▶ **What the task requires**
Your job is to set down the stretch of entries that opens with the line containing "与会嘉宾致辞结束之后是学院团" and closes with the line containing "100% COTTON DENIM, 14.9". Keep both end lines, copy each exactly, and add nothing.

▶ **Information shown**
++++++++++++++++++++
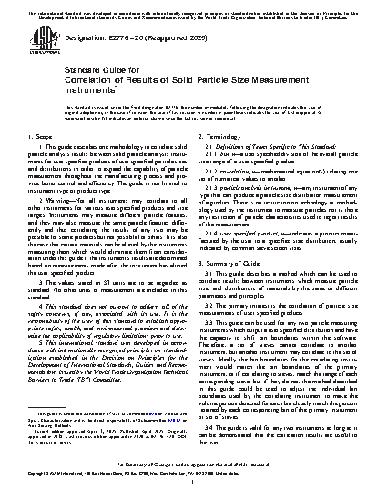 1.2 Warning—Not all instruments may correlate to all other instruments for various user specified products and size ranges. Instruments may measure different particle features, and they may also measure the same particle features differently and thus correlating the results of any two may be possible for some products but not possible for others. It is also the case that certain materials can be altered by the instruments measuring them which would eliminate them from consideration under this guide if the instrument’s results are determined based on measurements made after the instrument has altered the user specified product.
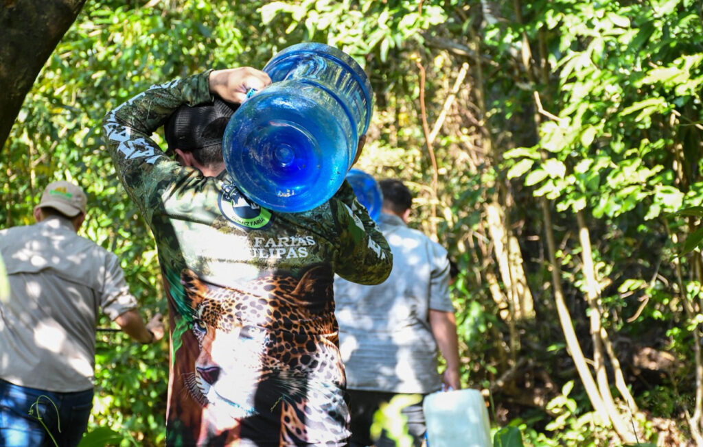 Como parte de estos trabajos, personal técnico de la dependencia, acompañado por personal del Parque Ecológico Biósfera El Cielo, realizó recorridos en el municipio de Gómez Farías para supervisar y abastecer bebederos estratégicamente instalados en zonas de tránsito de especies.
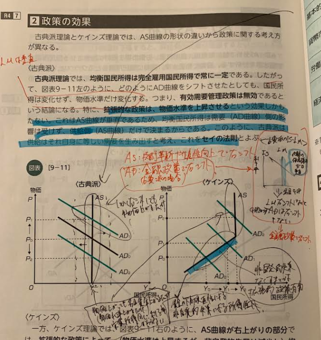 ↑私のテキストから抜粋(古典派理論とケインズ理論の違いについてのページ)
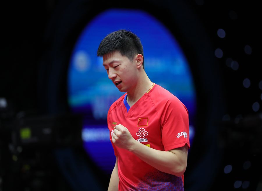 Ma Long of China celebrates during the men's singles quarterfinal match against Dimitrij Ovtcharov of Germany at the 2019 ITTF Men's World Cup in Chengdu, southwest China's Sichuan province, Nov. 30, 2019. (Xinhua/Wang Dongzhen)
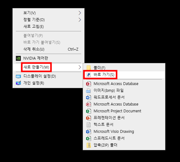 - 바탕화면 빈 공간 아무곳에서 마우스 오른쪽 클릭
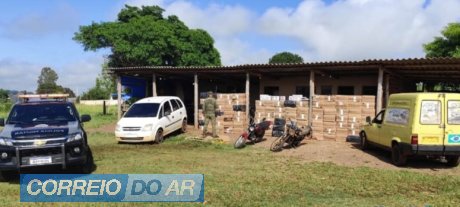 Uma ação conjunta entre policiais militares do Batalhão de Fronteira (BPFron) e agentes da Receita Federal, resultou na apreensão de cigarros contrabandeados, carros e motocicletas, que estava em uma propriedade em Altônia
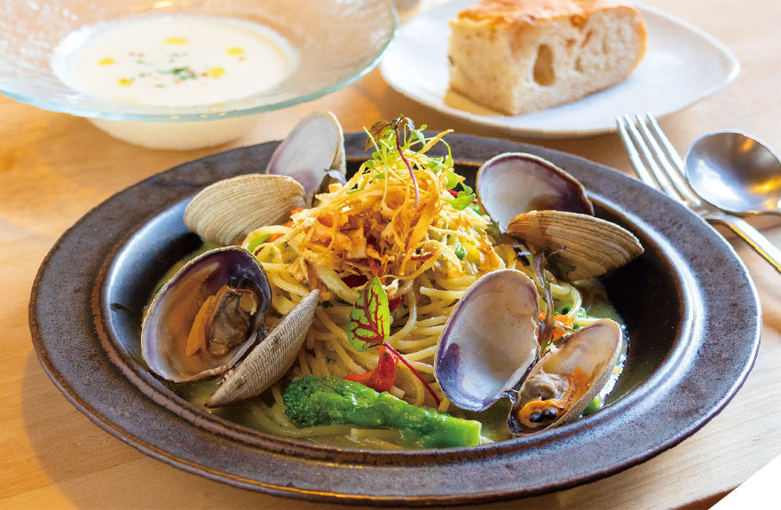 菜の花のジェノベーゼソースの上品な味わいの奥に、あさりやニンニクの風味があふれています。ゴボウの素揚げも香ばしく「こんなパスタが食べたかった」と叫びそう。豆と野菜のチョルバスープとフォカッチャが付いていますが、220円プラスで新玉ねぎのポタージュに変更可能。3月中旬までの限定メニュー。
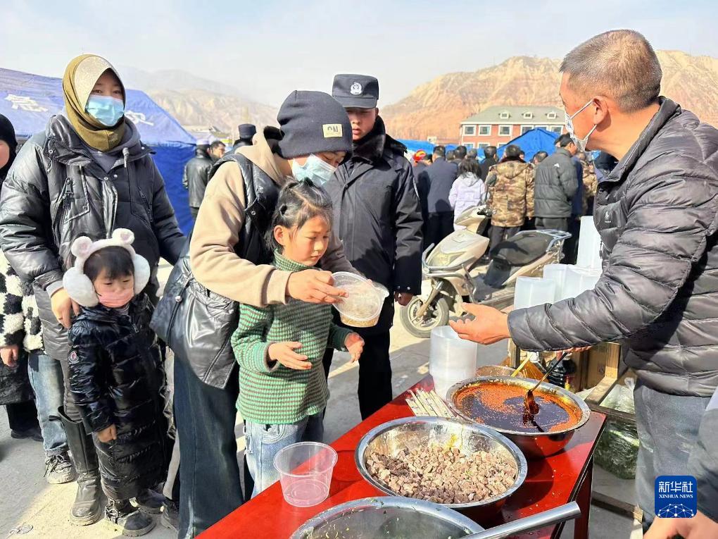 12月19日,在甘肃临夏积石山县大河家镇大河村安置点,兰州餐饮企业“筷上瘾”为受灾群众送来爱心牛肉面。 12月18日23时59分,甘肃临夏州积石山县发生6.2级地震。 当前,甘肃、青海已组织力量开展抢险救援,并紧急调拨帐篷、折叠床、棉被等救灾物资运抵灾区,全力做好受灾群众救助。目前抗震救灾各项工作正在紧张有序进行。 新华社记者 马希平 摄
++++++++++++++++++++
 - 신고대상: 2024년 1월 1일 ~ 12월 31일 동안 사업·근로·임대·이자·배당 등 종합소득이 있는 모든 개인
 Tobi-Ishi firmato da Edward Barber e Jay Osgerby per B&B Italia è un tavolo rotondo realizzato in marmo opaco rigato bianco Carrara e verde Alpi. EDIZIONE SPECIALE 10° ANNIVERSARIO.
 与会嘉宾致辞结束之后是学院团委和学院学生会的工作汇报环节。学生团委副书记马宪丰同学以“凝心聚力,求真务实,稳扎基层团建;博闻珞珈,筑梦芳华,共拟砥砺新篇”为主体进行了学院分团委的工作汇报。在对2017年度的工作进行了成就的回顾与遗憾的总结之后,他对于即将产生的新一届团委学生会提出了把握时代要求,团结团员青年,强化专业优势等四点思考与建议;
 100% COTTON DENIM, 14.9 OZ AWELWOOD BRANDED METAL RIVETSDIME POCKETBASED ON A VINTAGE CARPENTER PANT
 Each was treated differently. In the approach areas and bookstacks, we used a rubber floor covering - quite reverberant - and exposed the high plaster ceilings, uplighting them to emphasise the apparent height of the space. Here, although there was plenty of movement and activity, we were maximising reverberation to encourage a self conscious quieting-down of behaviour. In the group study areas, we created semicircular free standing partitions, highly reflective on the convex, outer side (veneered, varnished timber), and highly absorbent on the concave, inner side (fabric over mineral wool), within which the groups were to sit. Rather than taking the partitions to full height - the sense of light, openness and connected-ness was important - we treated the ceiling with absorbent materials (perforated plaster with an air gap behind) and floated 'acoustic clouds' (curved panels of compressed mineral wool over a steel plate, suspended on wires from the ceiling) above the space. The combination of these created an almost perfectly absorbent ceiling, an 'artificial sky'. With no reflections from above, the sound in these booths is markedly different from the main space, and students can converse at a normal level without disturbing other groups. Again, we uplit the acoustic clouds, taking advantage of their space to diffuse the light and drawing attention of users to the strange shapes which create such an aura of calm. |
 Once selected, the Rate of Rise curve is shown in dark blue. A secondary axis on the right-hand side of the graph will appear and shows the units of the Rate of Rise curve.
++++++++++++++++++++
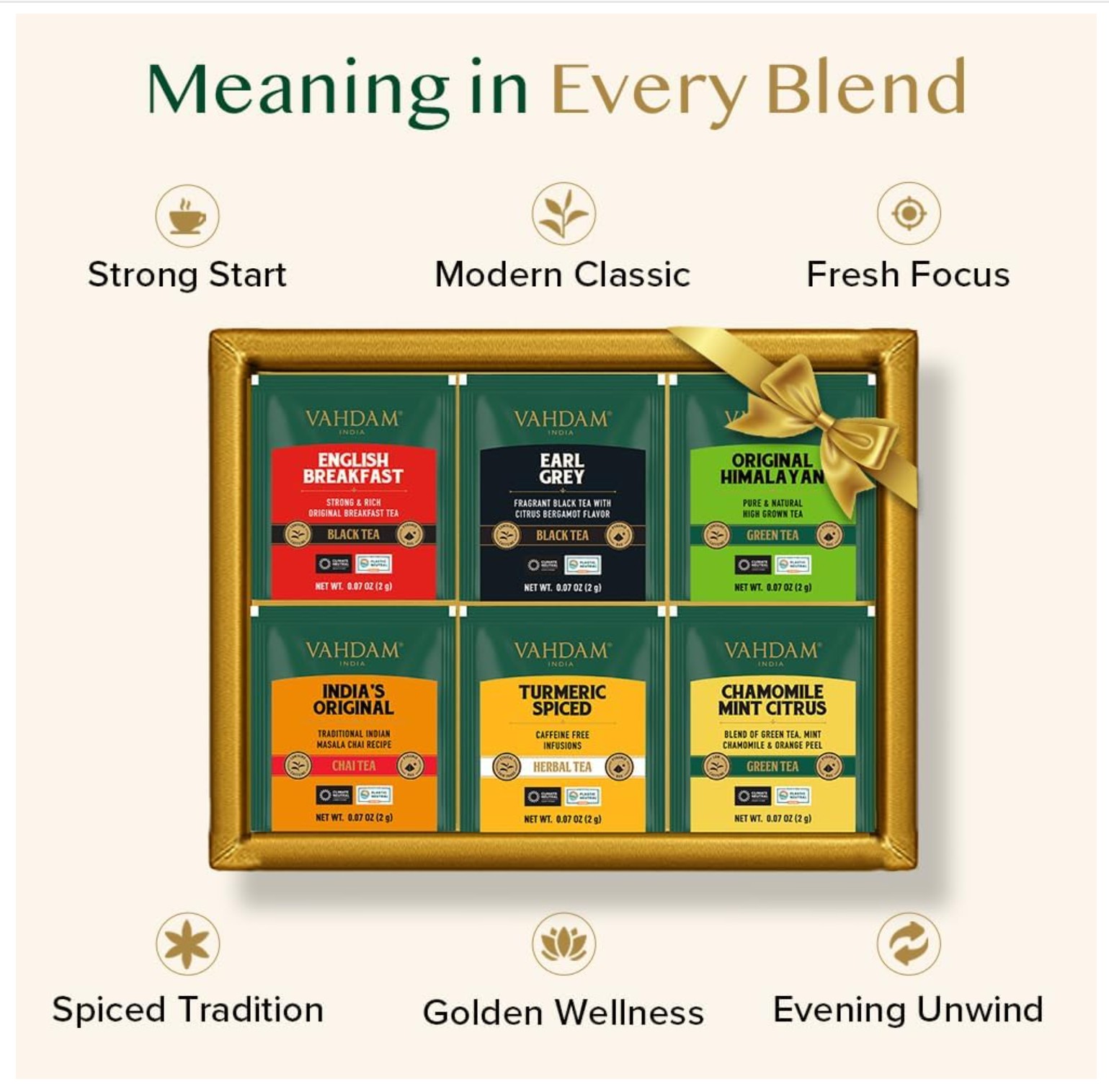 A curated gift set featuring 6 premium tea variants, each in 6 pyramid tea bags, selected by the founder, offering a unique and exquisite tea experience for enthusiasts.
++++++++++++++++++++
▶ **Output for this exercise**
 与会嘉宾致辞结束之后是学院团委和学院学生会的工作汇报环节。学生团委副书记马宪丰同学以“凝心聚力,求真务实,稳扎基层团建;博闻珞珈,筑梦芳华,共拟砥砺新篇”为主体进行了学院分团委的工作汇报。在对2017年度的工作进行了成就的回顾与遗憾的总结之后,他对于即将产生的新一届团委学生会提出了把握时代要求,团结团员青年,强化专业优势等四点思考与建议;
 100% COTTON DENIM, 14.9 OZ AWELWOOD BRANDED METAL RIVETSDIME POCKETBASED ON A VINTAGE CARPENTER PANT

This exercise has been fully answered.